What you are asked to do >> When the line with "ATMOWOOD berkenhouten klok" comes up, set it down and every later line to the end of the data, exactly and without pictures.

Data extract >>
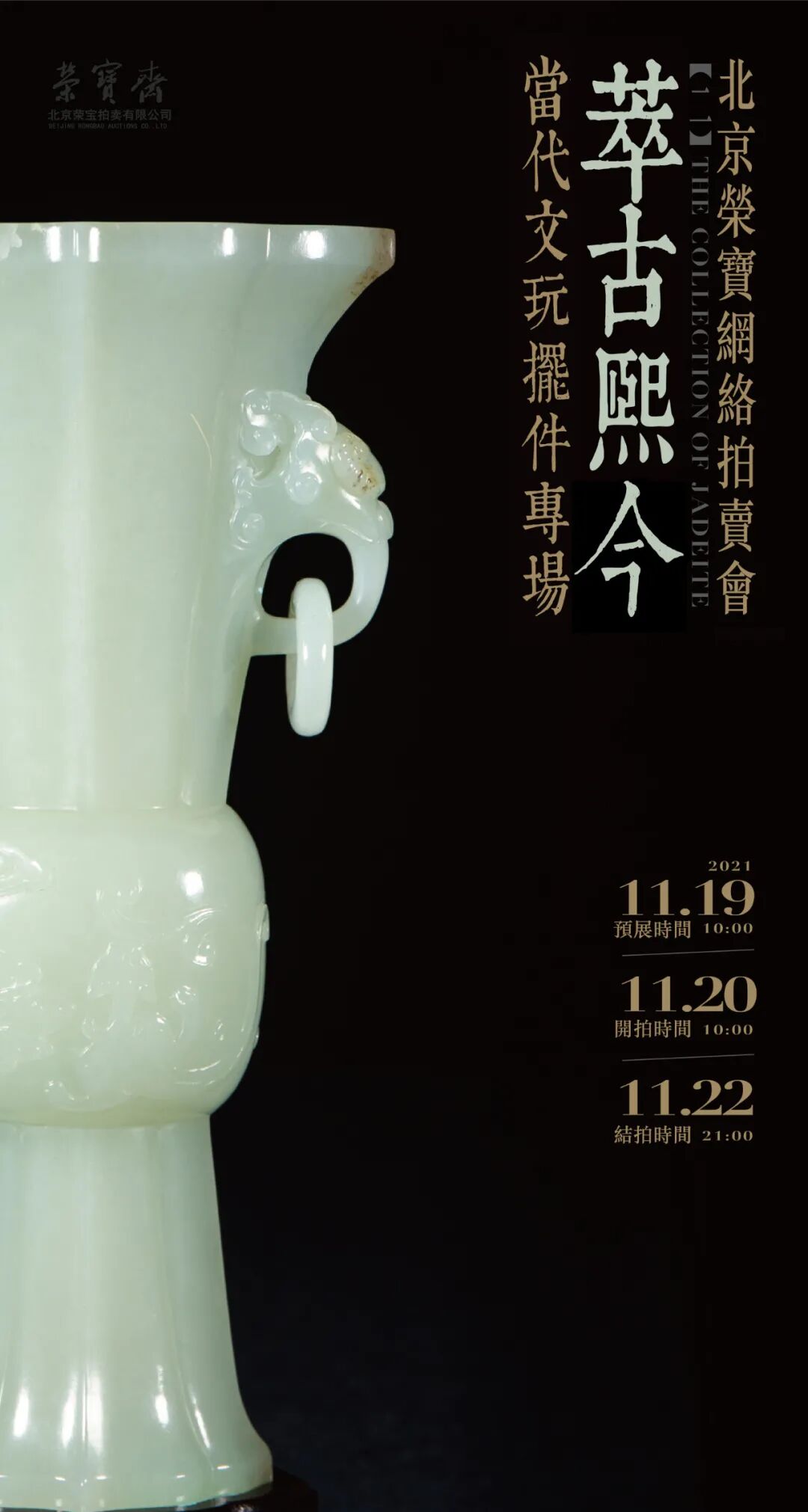 北京荣宝——萃古熙今·当代文玩摆件专场网络拍卖会(第二期)将于11月19日10:00—11月20日10:00开启线上预展,并于11月20日10:00开拍,11月22日21:00结拍。
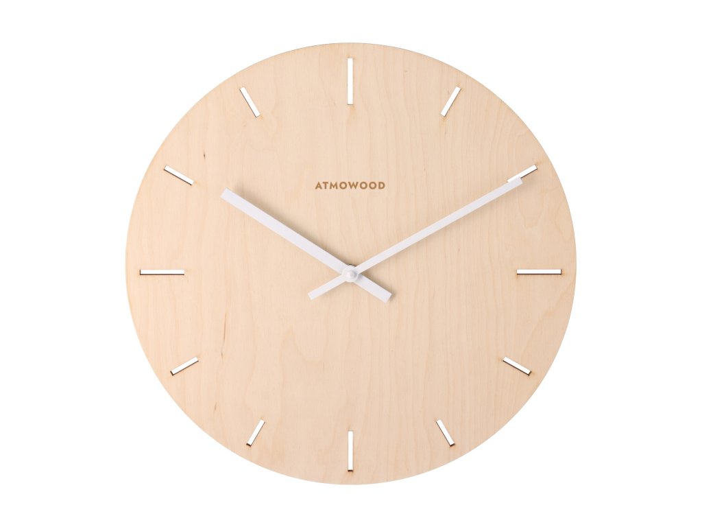 ATMOWOOD berkenhouten klok zonder cijfers 34 cm – witte wijzers
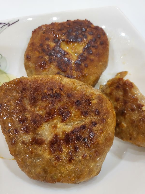 아들이 밥버거를 좋아하는데 거기에 넣어서 먹으면 넘 맛있는 떡갈비입니다 팬에 귑기는 모양이 어렵게 만들어져 있어서 에어프라이기에 구워서 먹으면 맛있어요

Solved problem >>
 ATMOWOOD berkenhouten klok zonder cijfers 34 cm – witte wijzers
 아들이 밥버거를 좋아하는데 거기에 넣어서 먹으면 넘 맛있는 떡갈비입니다 팬에 귑기는 모양이 어렵게 만들어져 있어서 에어프라이기에 구워서 먹으면 맛있어요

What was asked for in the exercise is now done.